Dediğimde şaşkınca bana baktı. Sonra kıyafetlerini kokladı ama kokuyu almamış gibiydi.
"Nerden anladın?" Dediğinde gülümsedim.
"Abim beta. Hafif feromonları algılayabiliyorum. Biraz hassas biri. O yüzden çok dikkat ediyordum ona."
Basını salladı. "Üzerimden çoktan gittiğini sanmıştım bu kokunun."
"Çok az kalmış. Senin kokun daha belirgin ama diğer kokuyu da alabiliyorrum. Kim bu kalbi kırık alfa?"
Hafifçe gülümsedi. "ev arkadaşım. Seokjin hyung bizden bahsetmistir belki. Namjoon. Söylediğin gibi, bu aralar kalbi kırık bir alfa"
Dudaklarımı büzdüm. "Umarım daha iyi olur" diye mırıldandım. Kalp kırıklığı alfalar için çok zor olabiliyordu. Gerçi.. Bu herkes için çok zordu.
Ne kadar yavaş yavaş yürüyerek gelmiş olsakta ulaşmıştık stüdyoya. Içeri girip ışıkları yaktık. Daha önce bir kere gelmiştim buraya. O yüzden ortamı biliyordum. Yoongi hyung hemen ses sisteminin oraya gitmişti. Dans edeceğim şarkıyı o seçmişti ve onu ayarlamaya çalışıyordu. Ve ben daha dinlememiştim bile.
"Başlamadan önce bir kez dinleyebilir miyim müziği?" Dediğim de biraz mahcup bir ifadeyle gülümsedi.
"Elbette dinleyebilirsin. Biraz emrivaki gibi oldu sanırım yaptığım. Üzgünüm."
Gülümseyerek yanına doğru adımladım. En ufak davranışı içimi ısıtıyordu bu alfanın.
"Önemli değil. Dans etmek için heyecanlıyım." diye yanıtladım onu. Senin için kısmını atlamış olsamda bana sanki bunu da anlamış gibi bakıyordu. Gülüşü genişledi ve gözleri daha parlak bir hal aldı.
Müziği çalmaya başladığında bildiğim bir şey olduğu için biraz rahatlamıştım. Dinlerken aklımda belli bir koreografı düzeni oluşturmuştum hatta. Kalan kısmını Yoongi hyung un da dediği gibi akışına bırakacaktım.
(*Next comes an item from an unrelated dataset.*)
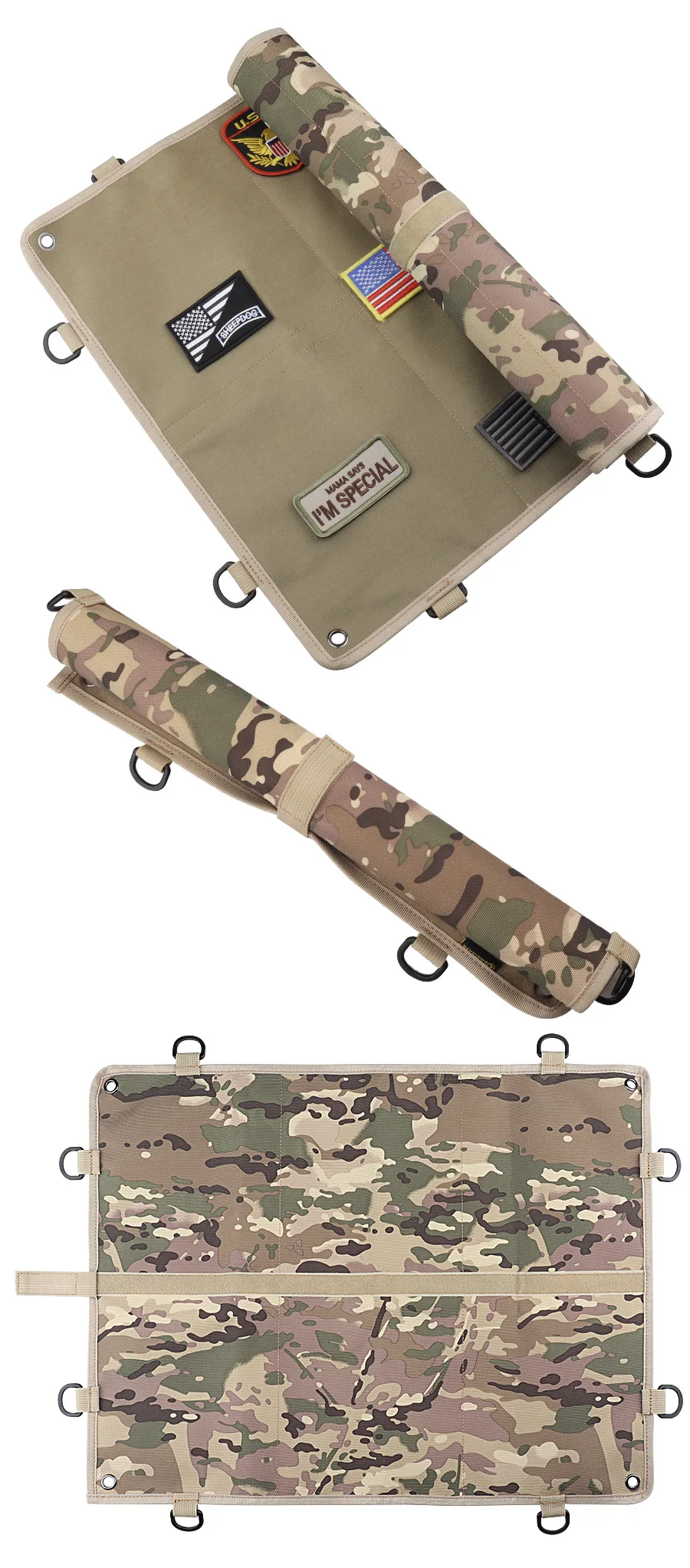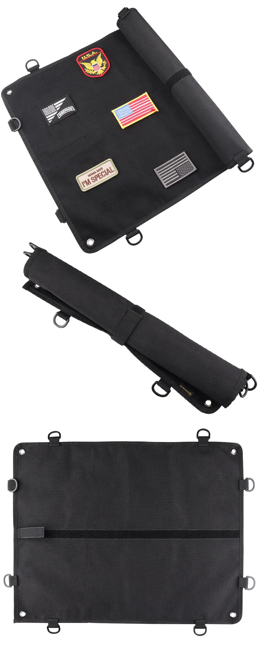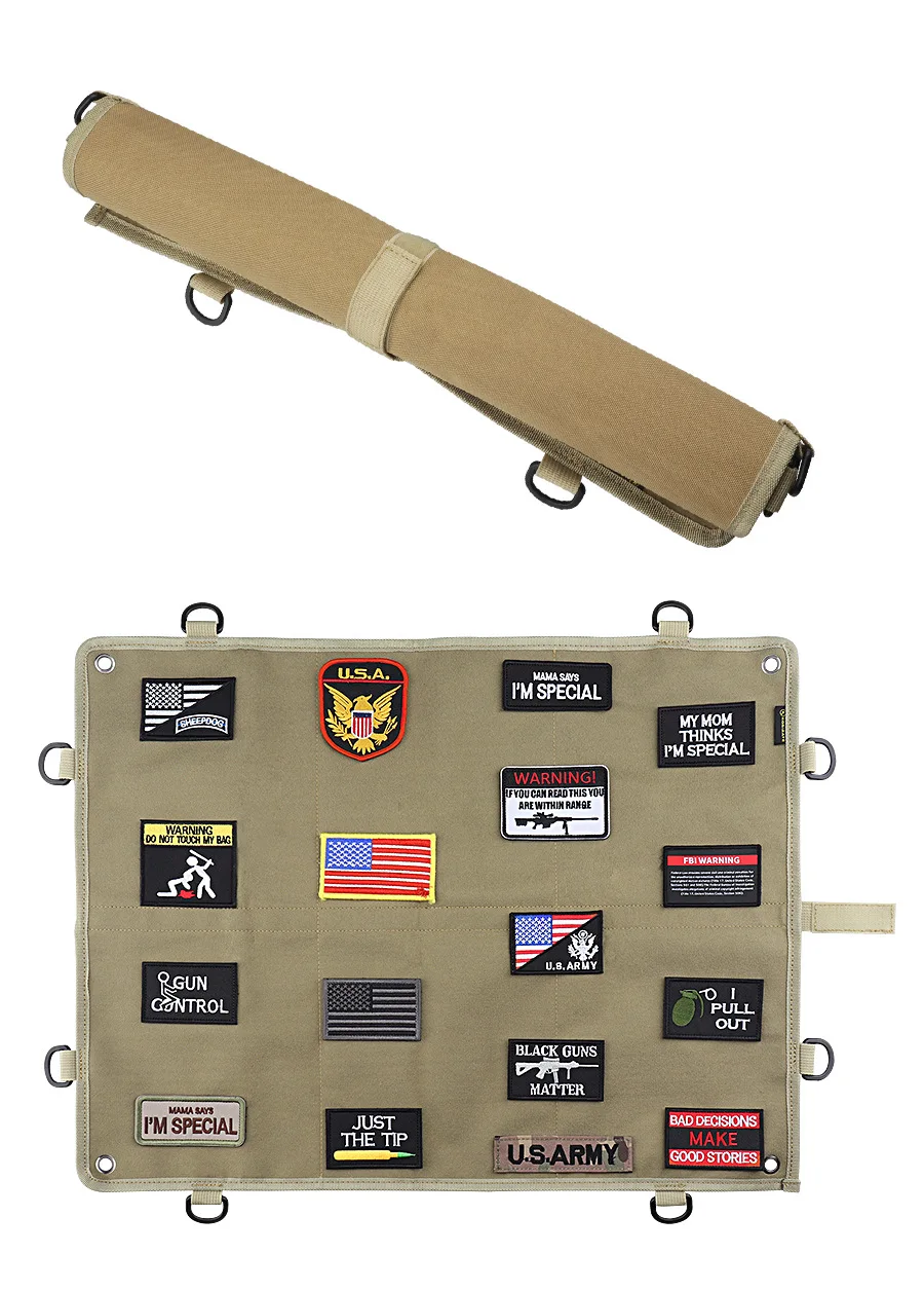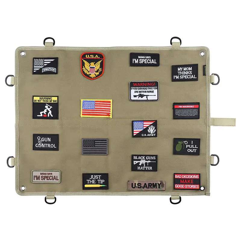 Panel de parche de moral táctica, superficie de bucle de gancho grande de 24 "X 18", respaldo balístico, anillos en D de 360 grados para exhibición, parches de identificación militares

Kendimi müziğe bırakıp dans edecektim.
Müziği sessizce dinlerken bir saniye gözlerim Yoongi hyung a kaldığında onun da bana baktığını gördüm. Beni izliyordu. Gözlerimiz birbirine değdiğinde tekrar yine o tuhaf his kaplamıştı içimi. Ona çekiliyormuşum gibi. Kurlarımız birbirini hissediyordu.
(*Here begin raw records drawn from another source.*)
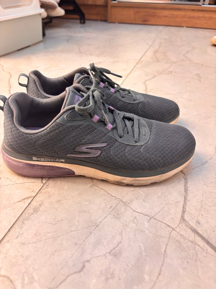 Gri ve mor detaylı, bağcıklı Skechers spor ayakkabı
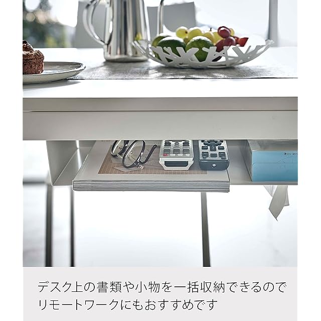 商品名:山崎実業(Yamazaki) テーブル下 収納ラック ホワイト 約W44XD25XH7.2cm タワー ティッシュ リモコン 一括収納 5481
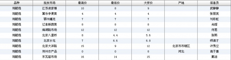 2012.04.27 鸡腿菇菇全国批发市场价格行情 单位(元/公斤) 来源:全国农产品批发市场价格信息网
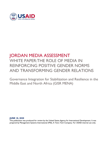 Jordan Media Assessment. White Paper: The Role of Media in Reinforcing Positive Gender Norms and Transforming Gender Relations
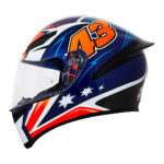 Esta é a nova réplica de capacete de MotoGP da JACK MILLER 2016 que a AGV lançou. O design original do capacete foi criado por Starline Designers, a equipe por trás de muitos trabalhos de pintura de capacete de corrida icônicos, e possui um esquema de cores australiano adequado com um padrão vermelho, branco e azul e estrelas brancas menores posicionadas nas laterais. Uma espécie de reminiscência dos designs de capacete de Casey Stoner e Mick Doohan.
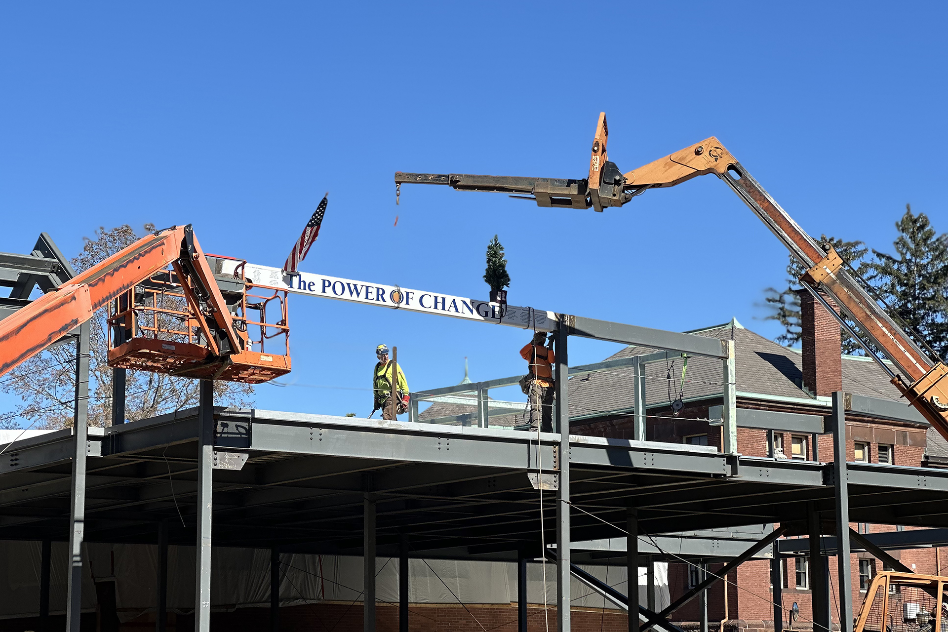 We are pleased to announce a significant project milestone: the final structural beam has been set on the renovation and addition of the historic Wilbraham & Monson Academy (WMA) Chapel, which is being transformed into a state-of-the-art Dining Commons. The moment was celebrated by the WMA community in a recent "topping off" ceremony.
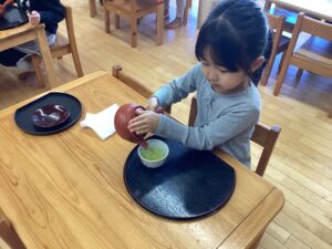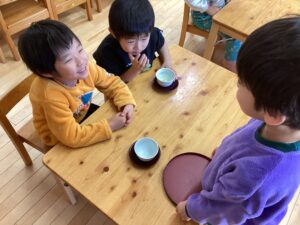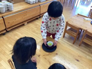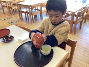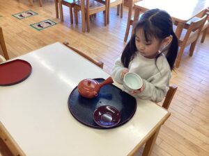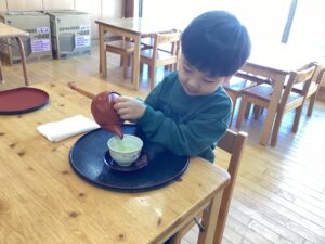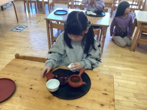 最初はぎこちなかった急須の持ち方も慣れてきて、上手にお茶を注ぐことが出来るようになってきました。
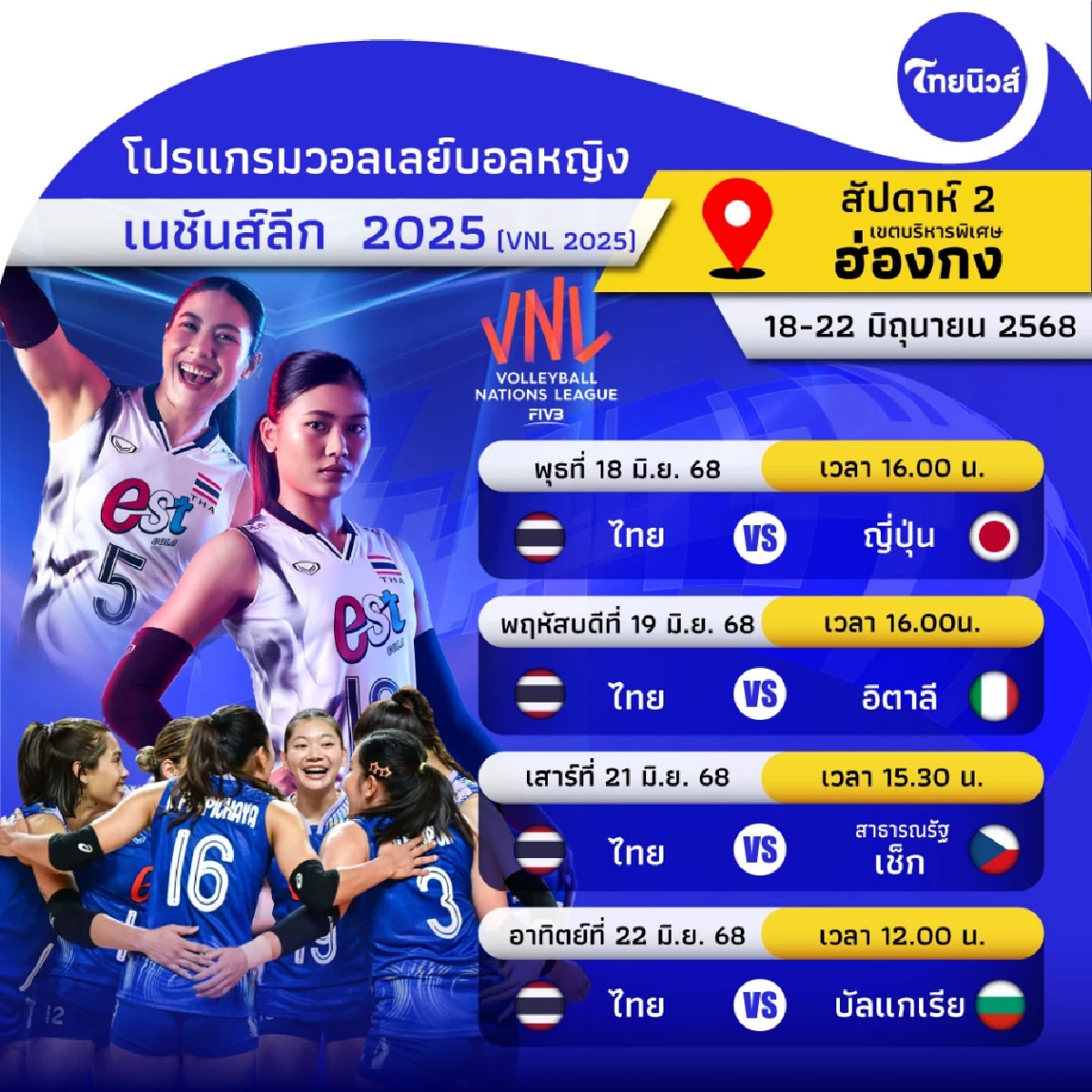 "วอลเลย์บอลหญิงล่าสุด" โปรแกรม วอลเลย์บอลหญิงเนชันส์ลีก 2025 วันนี้ 19 มิถุนายน 2568 ทุกคู่ อัพเดตตารางคะแนน VNL 2025

Ikimiz de aynı anda başlarımızı çevirdik. Sakinleşmek için derin nefesler aldım. Ikimiz de aynı anda feromon yaymaya başlamıştık çünkü.
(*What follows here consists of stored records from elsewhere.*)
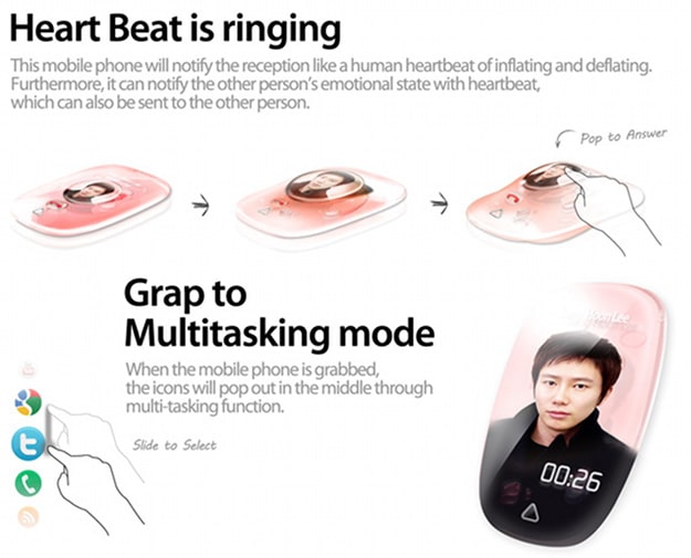 Just when you thought that relationship couldn’t get any more intense, the Heartbeat Mobile Phone concept comes into the mix. Korean designer Sang Hoon Lee sees an inflating and deflating phone as an alternative method of receiving calls. On his website, he adds that “perhaps a mobile phone will soon become one’s second avatar to express the person.” The concept explores the idea of being able to detect the emotional state of the person calling. You simply ‘pop’ the inflated phone to answer! In a similar way to Apple’s dock icons, the icons on the Heartbeat Phone will increase in size when you hover over them.
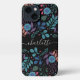 Personalice este funda brillante y colorido con un nombre o un monograma escrito a mano. El diseño presenta un patrón multicolor de flores y hojas botánicas sobre un fondo negro.
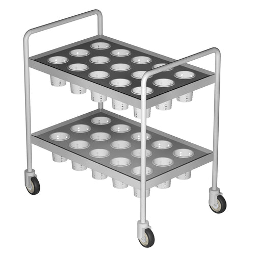 Bulk Silver Caddy, 34-1/2"W x 24-1/2"D x 34-3/4"H, (30) reinforced openings for cutlery cylinders on top & bottom shelves, rounded edges, 4" casters, solid 3/4" stem, stainless steel construction, NSF

Birkaç adım geri çekilmişti. Bende biraz uzaklaşmak için sahnenin ortasına doğru gelmiştim. Feromonlarımı engellemeye çalışıyordum ama pek başarılı değildim. Kurdum kurduyla iletişim kurmak istediği için durduramıyordum onu. Sanırım Yoongi hyung da benimle aynı durumdaydı çünkü feromonları bana kadar ulaşıyordu.
"Şey.. " diye başladım sakin kalmaya çalışarak. "Başlasak mı?"
Tamamen dikkatimizi başka yöne çekmek için uğraşıyordum.
"Bir saniye lütfen" dediğinde sesindeki farklı bir ton beni daha da heyecanlandırmıştı. Sakinleşmek için aldığı nefesleri bile hissediyordum sanki. Biraz sonra müziği ayarlamıştı. Bana baktı. "Hazır mısın?" dediğinde başımı salladım.
Müziği açtığında duruşumu aldım. Sesler devam ederken uygun bir ritimle bedenimi hareket ettirmeye başladım. Dikkatle beni izliyordu. Benimde gözlerim ondaydı. Feromonlarım yayılmaya devam ediyordu. Ve artık kokularımız daha da belirgindi. Studyonun içinde feromonlarımız birbirine karışıyordu. Ikimiz de etkileniyorduk.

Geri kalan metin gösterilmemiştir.